EXERCISE: Without the images, reproduce every entry exactly.

* * * * * * * * *

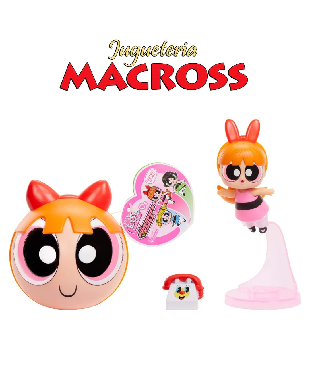 La muñeca LOL Surprise x Las Chicas Superpoderosas Bombon (Blossom) es una figura coleccionable de edición especial que fusiona el estilo fashionista de LOL con la líder del icónico trío animado. Incluye accesorios temáticos, ropa detallada (blusa rosa, pantalones rojos) y captura la esencia carismática del personaje.
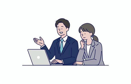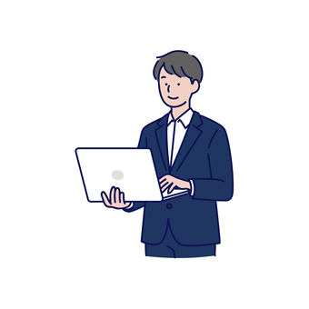 パソコン作業で喜ぶ男性ビジネスイラスト
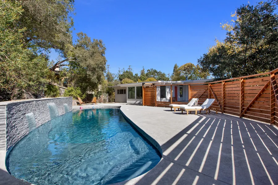 Midcentury home located in the heart of Rincon Valley, on the cusp of Fountaingrove, within walking distance to top-rated schools, elementary through to high school. Five bedroom, 2.5 bathroom move-in ready, modern open concept home that has been updated for today's living. Light and bright with lots of windows offering the benefits of passive solar. The main level features luxury plank floors, open beam ceilings, two bedrooms with one and a 1/2 bathrooms, a large kitchen with quartz countertops, upper-end soft close cabinets, and stainless steel appliances. Also, on the main level, you will enjoy the open concept space, which flows seamlessly for entertaining and leads to an expansive deck. The adjacent formal living room connects directly to a patio retreat, pool area, and garden shed/pool house. Downstairs, you will find a hall laundry closet with a full-size washer/dryer, three additional bedrooms with one full bathroom, a den with French doors, wine storage, and a utility room. There is a possibility of adding another full bathroom off the largest of the three downstairs bedrooms.
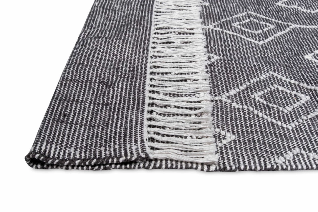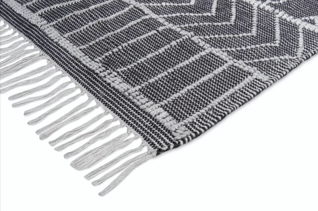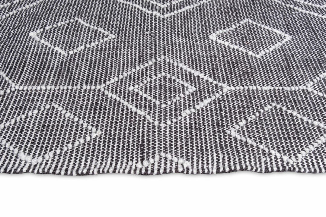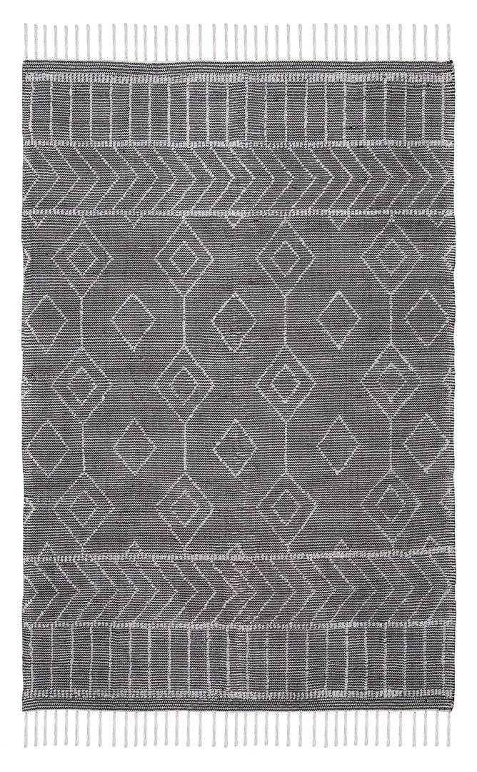 Mirabelle is a gorgeous dark based flatweave rug with a tribal diamond pattern in ivory.
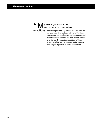 both create personal space and boundaries and interweave and connect me with others’ worlds and stories. Through the repetition of lines, I strive to define my identity and make tangible meaning of myself as an artist and person.”

* * * * * * * * *

REPLY:
 La muñeca LOL Surprise x Las Chicas Superpoderosas Bombon (Blossom) es una figura coleccionable de edición especial que fusiona el estilo fashionista de LOL con la líder del icónico trío animado. Incluye accesorios temáticos, ropa detallada (blusa rosa, pantalones rojos) y captura la esencia carismática del personaje.
 パソコン作業で喜ぶ男性ビジネスイラスト
 Midcentury home located in the heart of Rincon Valley, on the cusp of Fountaingrove, within walking distance to top-rated schools, elementary through to high school. Five bedroom, 2.5 bathroom move-in ready, modern open concept home that has been updated for today's living. Light and bright with lots of windows offering the benefits of passive solar. The main level features luxury plank floors, open beam ceilings, two bedrooms with one and a 1/2 bathrooms, a large kitchen with quartz countertops, upper-end soft close cabinets, and stainless steel appliances. Also, on the main level, you will enjoy the open concept space, which flows seamlessly for entertaining and leads to an expansive deck. The adjacent formal living room connects directly to a patio retreat, pool area, and garden shed/pool house. Downstairs, you will find a hall laundry closet with a full-size washer/dryer, three additional bedrooms with one full bathroom, a den with French doors, wine storage, and a utility room. There is a possibility of adding another full bathroom off the largest of the three downstairs bedrooms.
 Mirabelle is a gorgeous dark based flatweave rug with a tribal diamond pattern in ivory.
 both create personal space and boundaries and interweave and connect me with others’ worlds and stories. Through the repetition of lines, I strive to define my identity and make tangible meaning of myself as an artist and person.”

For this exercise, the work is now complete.